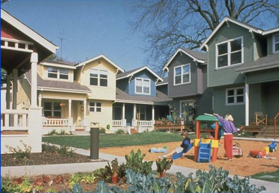
Southside Park, Sacramento
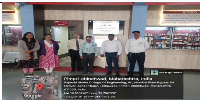
Team Neon Laboratories, Ltd. Pune and RSCOPR
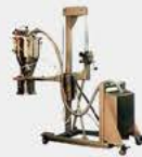
Mobile Pneumatic Conveying
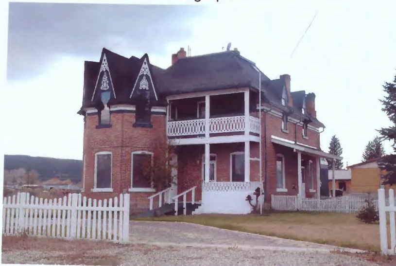
210 S. 100 East Photograph 23

---+---

**WHAT TO DO**
What is needed is an exact copy of the lines from the one with "Team Neon Laboratories, Ltd. Pune and RSCOPR" through the end of the data above, both included, minus any pictures.

**SOLUTION TO THIS PROBLEM**
Team Neon Laboratories, Ltd. Pune and RSCOPR
Mobile Pneumatic Conveying
210 S. 100 East Photograph 23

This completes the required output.